Supplied data
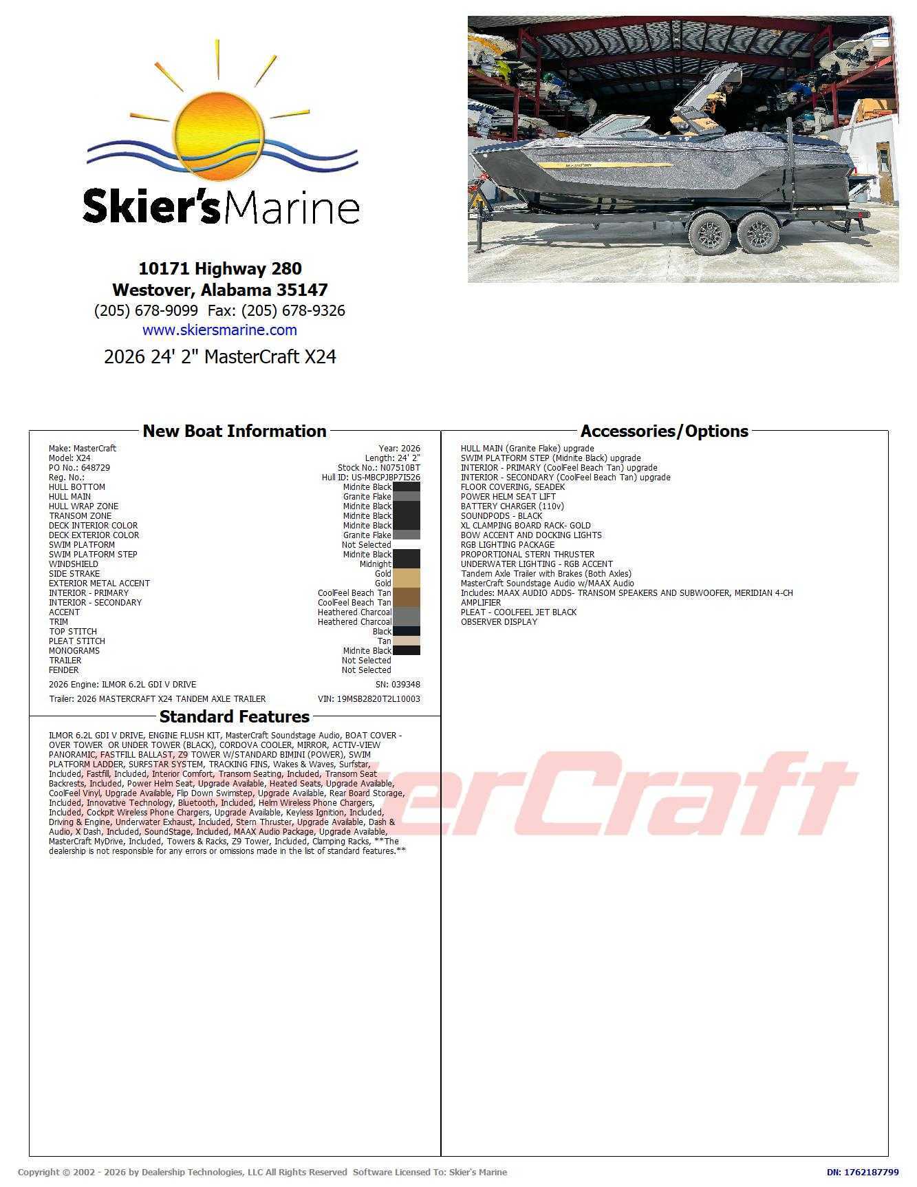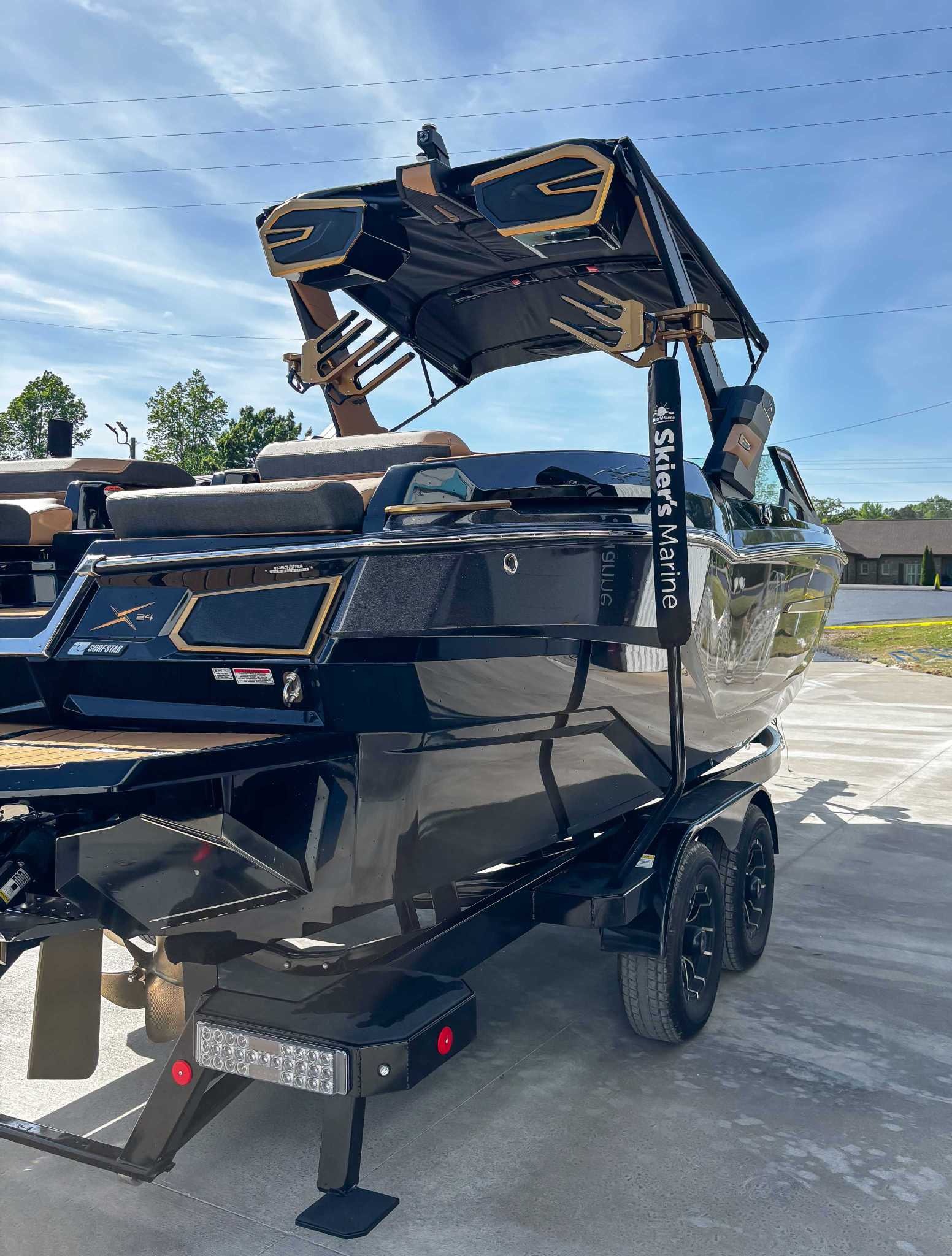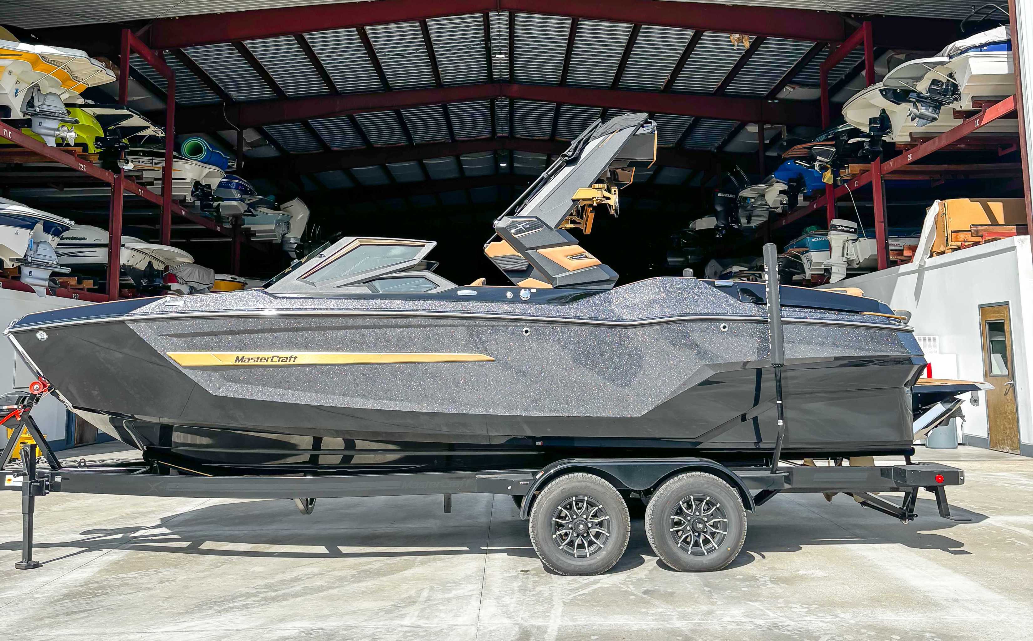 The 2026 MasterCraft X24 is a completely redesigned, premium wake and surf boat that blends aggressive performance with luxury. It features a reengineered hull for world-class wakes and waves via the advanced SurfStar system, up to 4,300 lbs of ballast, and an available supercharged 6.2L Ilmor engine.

---

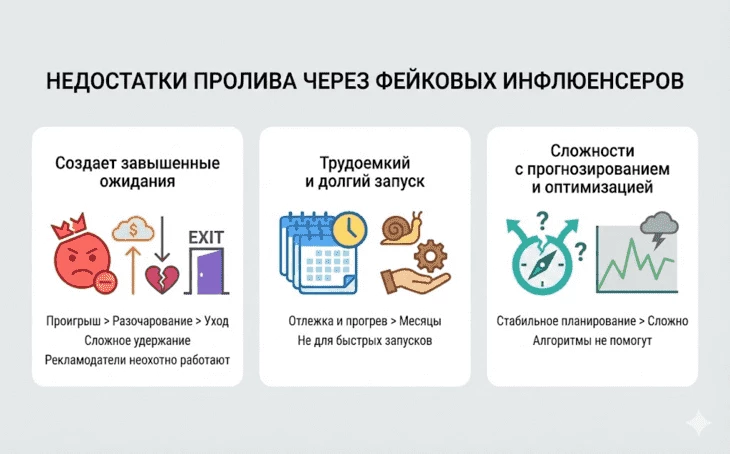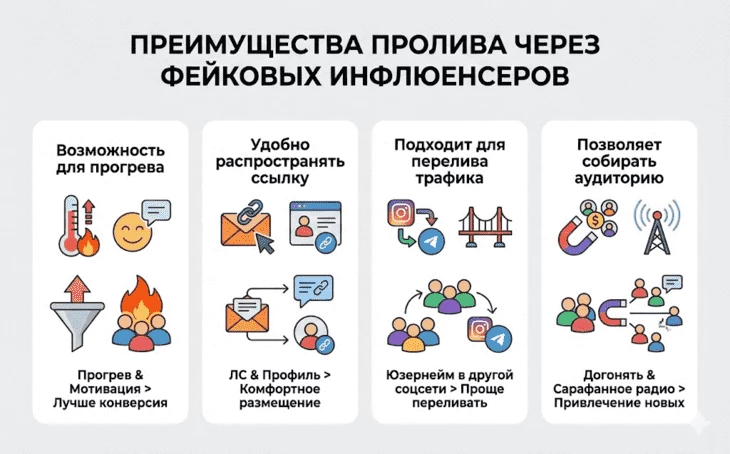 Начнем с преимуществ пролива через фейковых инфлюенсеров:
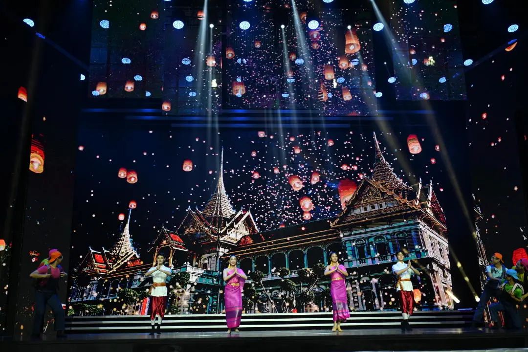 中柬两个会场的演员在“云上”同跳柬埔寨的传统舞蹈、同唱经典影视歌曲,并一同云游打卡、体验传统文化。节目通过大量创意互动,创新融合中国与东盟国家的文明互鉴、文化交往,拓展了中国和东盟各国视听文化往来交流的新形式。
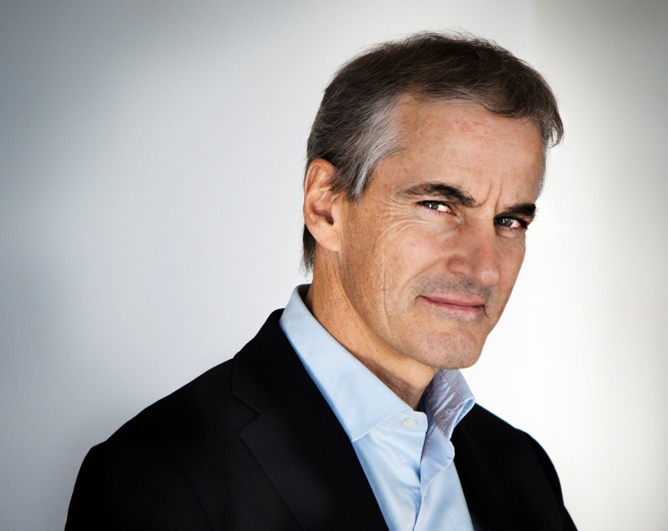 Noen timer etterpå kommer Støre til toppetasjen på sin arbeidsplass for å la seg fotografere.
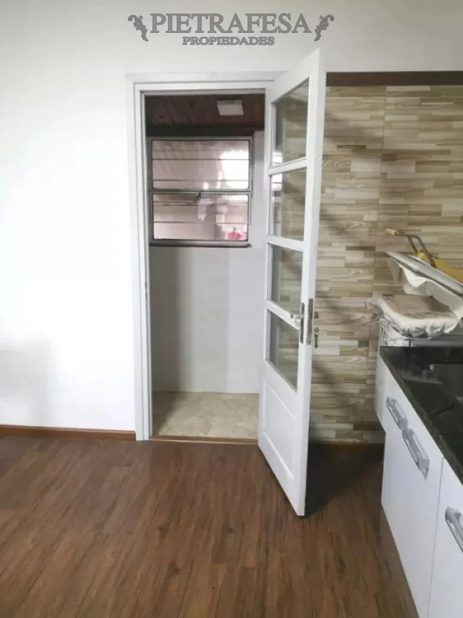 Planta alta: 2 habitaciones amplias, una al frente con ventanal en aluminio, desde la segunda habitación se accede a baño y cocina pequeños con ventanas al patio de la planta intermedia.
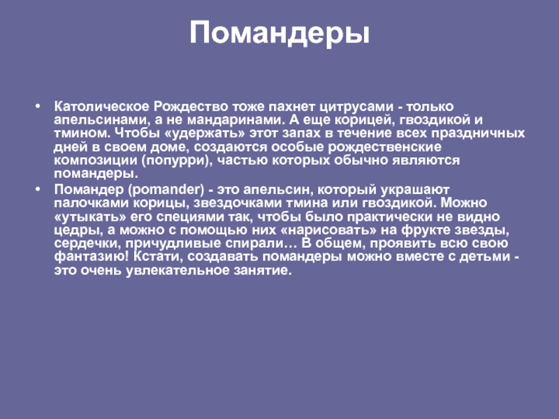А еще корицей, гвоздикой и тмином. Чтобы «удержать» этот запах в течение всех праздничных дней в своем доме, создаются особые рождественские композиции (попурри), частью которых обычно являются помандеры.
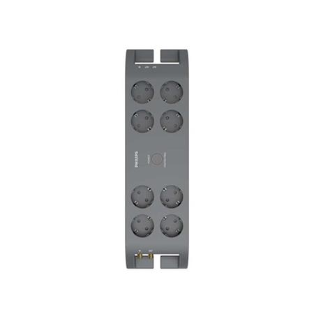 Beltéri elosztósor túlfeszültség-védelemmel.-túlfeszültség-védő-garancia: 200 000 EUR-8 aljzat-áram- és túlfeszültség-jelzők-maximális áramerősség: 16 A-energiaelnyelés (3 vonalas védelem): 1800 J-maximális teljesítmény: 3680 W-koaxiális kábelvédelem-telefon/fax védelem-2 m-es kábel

...

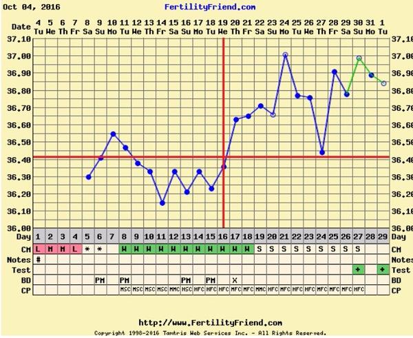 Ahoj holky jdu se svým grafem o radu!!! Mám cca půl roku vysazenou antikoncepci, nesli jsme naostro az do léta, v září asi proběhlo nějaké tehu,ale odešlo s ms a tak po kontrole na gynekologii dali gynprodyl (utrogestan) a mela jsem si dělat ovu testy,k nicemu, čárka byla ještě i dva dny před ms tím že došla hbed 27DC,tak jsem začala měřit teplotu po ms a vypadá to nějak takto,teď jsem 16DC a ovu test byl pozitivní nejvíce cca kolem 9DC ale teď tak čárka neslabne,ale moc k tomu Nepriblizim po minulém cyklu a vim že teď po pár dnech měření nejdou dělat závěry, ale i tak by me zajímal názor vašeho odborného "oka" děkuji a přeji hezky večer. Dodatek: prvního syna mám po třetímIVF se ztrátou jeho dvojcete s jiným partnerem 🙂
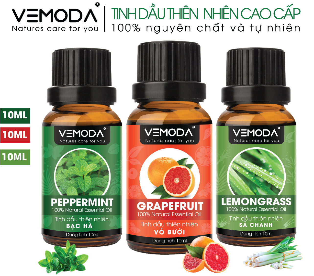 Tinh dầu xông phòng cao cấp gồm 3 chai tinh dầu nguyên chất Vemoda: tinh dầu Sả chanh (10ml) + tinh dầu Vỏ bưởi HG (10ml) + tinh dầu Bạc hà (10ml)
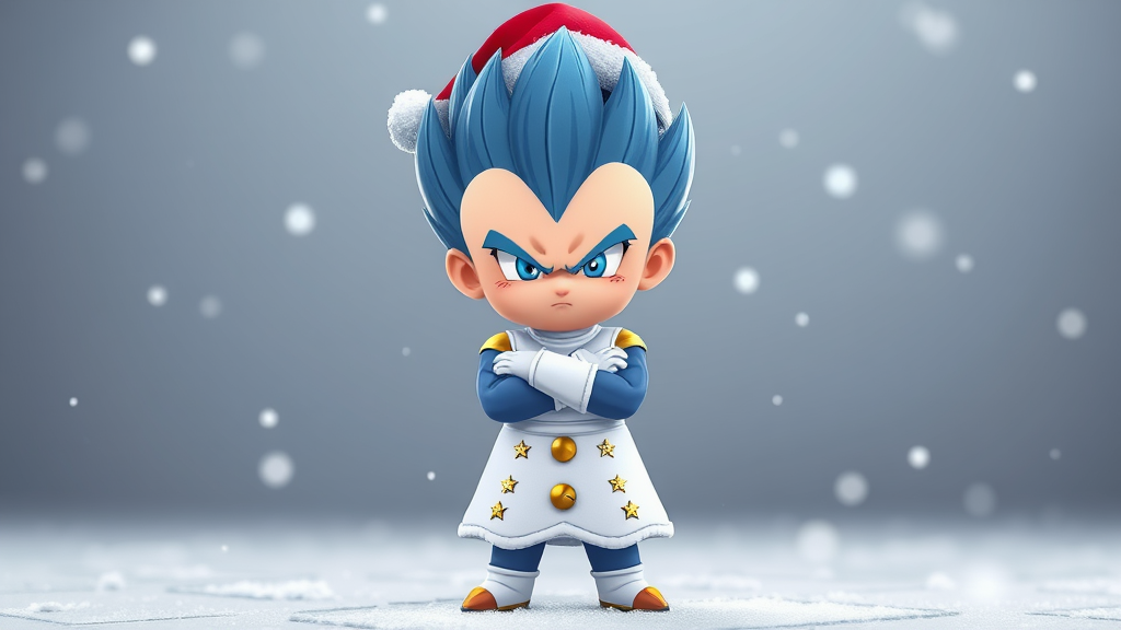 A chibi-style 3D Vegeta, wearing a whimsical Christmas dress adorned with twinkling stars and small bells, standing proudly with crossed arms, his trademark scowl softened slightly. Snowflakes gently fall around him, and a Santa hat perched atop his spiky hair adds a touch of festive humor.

About this task
I would like the exact lines from the data above, starting with the one that holds "Начнем с преимуществ" and going on through the one that holds "védelem-2 m-es kábel", without the pictures.

Task output
 Начнем с преимуществ пролива через фейковых инфлюенсеров:
 中柬两个会场的演员在“云上”同跳柬埔寨的传统舞蹈、同唱经典影视歌曲,并一同云游打卡、体验传统文化。节目通过大量创意互动,创新融合中国与东盟国家的文明互鉴、文化交往,拓展了中国和东盟各国视听文化往来交流的新形式。
 Noen timer etterpå kommer Støre til toppetasjen på sin arbeidsplass for å la seg fotografere.
 Planta alta: 2 habitaciones amplias, una al frente con ventanal en aluminio, desde la segunda habitación se accede a baño y cocina pequeños con ventanas al patio de la planta intermedia.
А еще корицей, гвоздикой и тмином. Чтобы «удержать» этот запах в течение всех праздничных дней в своем доме, создаются особые рождественские композиции (попурри), частью которых обычно являются помандеры.
 Beltéri elosztósor túlfeszültség-védelemmel.-túlfeszültség-védő-garancia: 200 000 EUR-8 aljzat-áram- és túlfeszültség-jelzők-maximális áramerősség: 16 A-energiaelnyelés (3 vonalas védelem): 1800 J-maximális teljesítmény: 3680 W-koaxiális kábelvédelem-telefon/fax védelem-2 m-es kábel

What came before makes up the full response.